You founded scalable recommender system Myrrix in 2012 before it was acquired by Cloudera this year. How did that come about?
I’m an engineer by trade. I worked with Google from about 2004 to 2008, so I used to MapReduce, got used to the big data thing before it was a big thing. Along the way, my background’s also computer science and machine learning, so I started working on this open source project that eventually became Apache Mahout, which is a large scale machine-learning project in the Hadoop eco system.
It kind of reached its peak about two years ago. It’s hard to make that get-up project go any further. But the demand wasn’t going away and certainly the market started to catch up.
Hadoop was only one piece of the puzzle. If you build models and not do anything with the models, so we figured why wait, let’s just get started. So we spun out, started a small company that commercialised a sort of re-write as part of Mahout, adding real-time capabilities on top of it as a nice package product. And sure enough there’s a demand for that and that’s starting to be something that resonates with customers that understand Hadoop and now want to take the next level.
Happily that was also just about exactly what Cloudera was wanting to get into a bit now, so it made a lot of sense to join forces.
Did they approach you?
I would say so, although for a long time I had known who Jeff Hammerbacher (Cloudera’s chief cscientist) is, and I know Josh Wills, the other data scientist on the west coast. So it’s a small world. I knew who they were and they knew who I was for quite a while.

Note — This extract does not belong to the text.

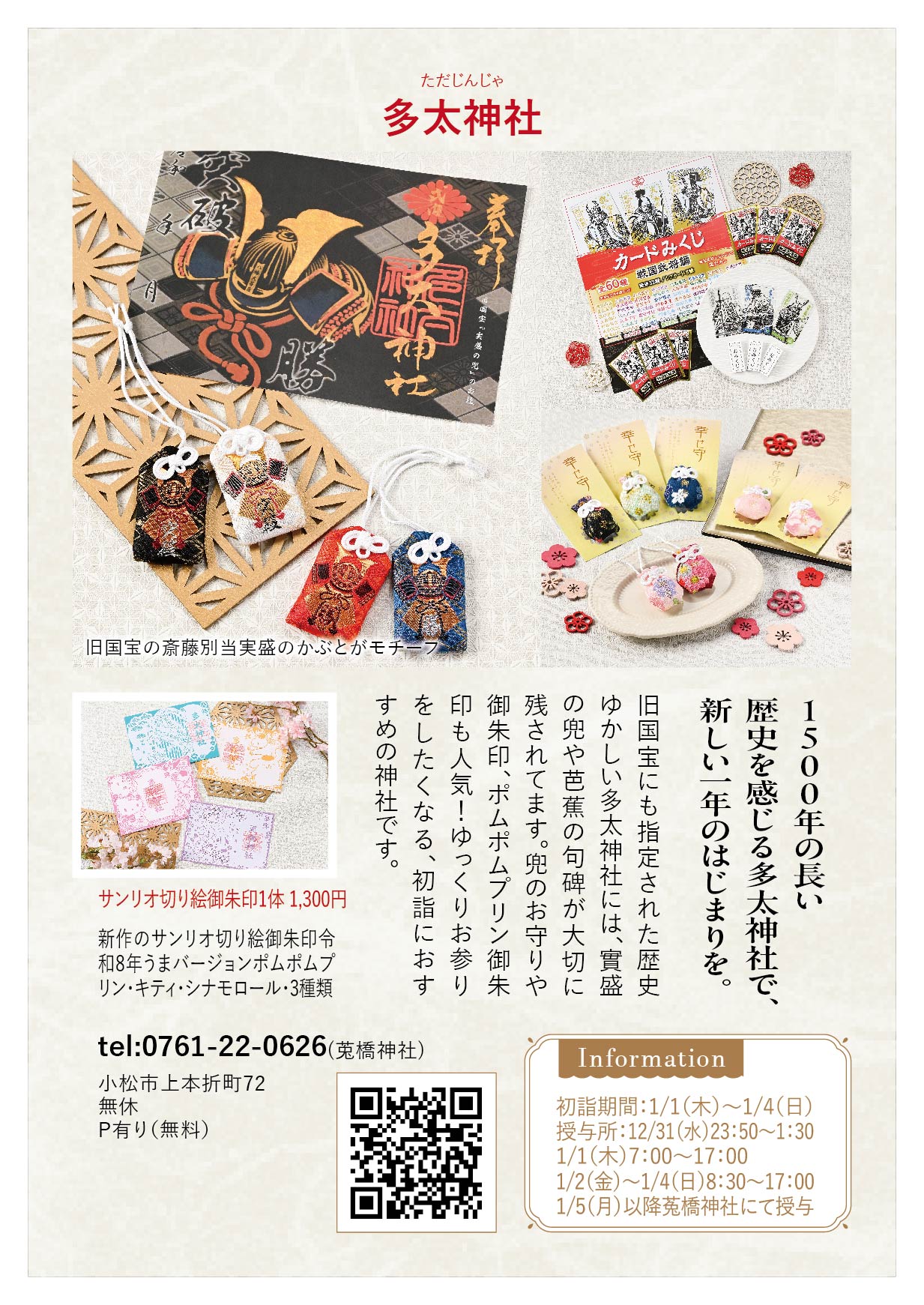 ※1/1~1/4は多太神社授与所にて授与(書き置きのみ)

You must’ve been pretty successful in that first company though?
In the grand scheme of things, it was pretty early, pretty small. I think it was the right place at the right time. But it didn’t get very far.

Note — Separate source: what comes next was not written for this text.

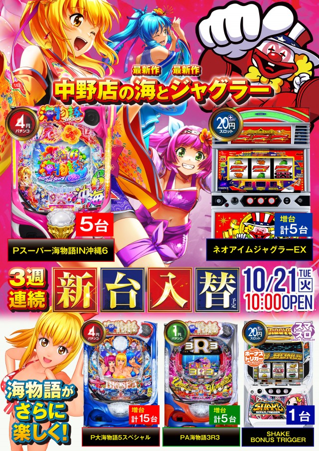 明日10月21日!新台入替『海とジャグラー最新作』導入&増台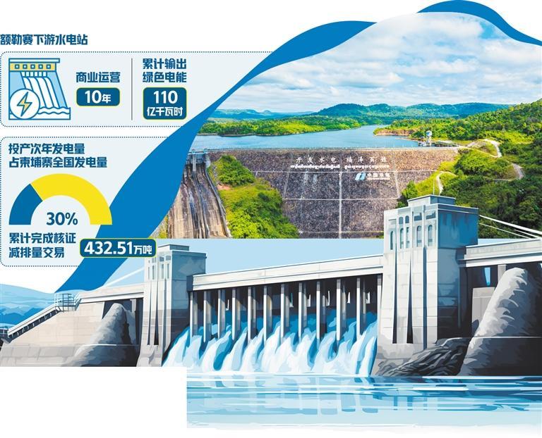 作为柬埔寨重要电源项目,额勒赛下游水电站以33.8万千瓦的装机规模、年均约10亿千瓦时的发电量,极大缓解了柬埔寨电力供应紧张局面。当地人说,现在的工厂更多了,生活质量更好了,城市的夜景更美了。10年来,额勒赛下游水电站累计输出绿色电能达110亿千瓦时,投产次年发电量占到柬埔寨全国发电量的30%,年均发电量占到柬埔寨全国发电量的10%以上。

What have been the differences between working for a smaller start-up company and the slightly more established Cloudera, which was founded in 2008?
Cloudera’s a couple of hundred people now, but it’s still not very big. It’s certainly bigger than working on your own and then with one other person, it’s still quite different. I think it’s a happy medium; I’m used to working in larger companies, like Google. When I joined Google it probably had 3,000 employees and when I left it was probably 20,000. So this is still small by my standards.

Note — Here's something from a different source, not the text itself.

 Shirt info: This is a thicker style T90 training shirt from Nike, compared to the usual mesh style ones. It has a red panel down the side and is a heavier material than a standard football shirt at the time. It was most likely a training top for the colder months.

So what have been the main differences for you? Has it been easy to adjust?
Yeah, I think it has. Part of the reason that’s true is even Cloudera is not totally sure how to think about data science. What that means, what the market wants etc. So there’s a couple of us in the company doing data science and it seems to be positive, but it’s a bit of a blank canvas. It’s a small enough company and it’s growing and people are happy to let you go off and explore this new patch of market called data science and figure something out.
So what exactly is your job and what are the challenges that you’re facing?
Director of data science, so in practise what that has meant in the past is really an advisory role, so Cloudera self-support and training around Hadoop. We don’t really get into building applications for customers, but we will provide some professional services. So a customer comes in and says ‘we’re a customer, we got all the data and now what?’ We can go in and selectively advise about how to do that. There’s a couple of us, we can’t really go talk as much as we’d like with every single customer. We’d love to get stuck in with some interesting problems to solve but there’s just not the time.
So I think the concern has turned to trying to build software, build infrastructure that could be repeatedly used by customers to accomplish these things, so we’ve turned a little more internally towards software development.
Big data has been around for a long time, but the term itself is one of these new buzzwords that people didn’t use that many years ago. Do you think your clients really understand what it is or just think of it as a buzzword now?
Big data was our term, there’s always been big data and we’ve always had a bit more data than usual to deal with. I guess what isn’t new is the sheer volume. Things have always gotten bigger but the internet and the amount of data you can collect if you want has really gone through the roof. The real difference now is, I think before people treated data science, it wasn’t really something that interacted with your operations. Scientists would come in, sample some data, go off to the lab and tell you something. Now people are engaging and they expect that all the stuff is operational. That’s something I’m not sure people have their head around just yet. But that’s actually pretty new.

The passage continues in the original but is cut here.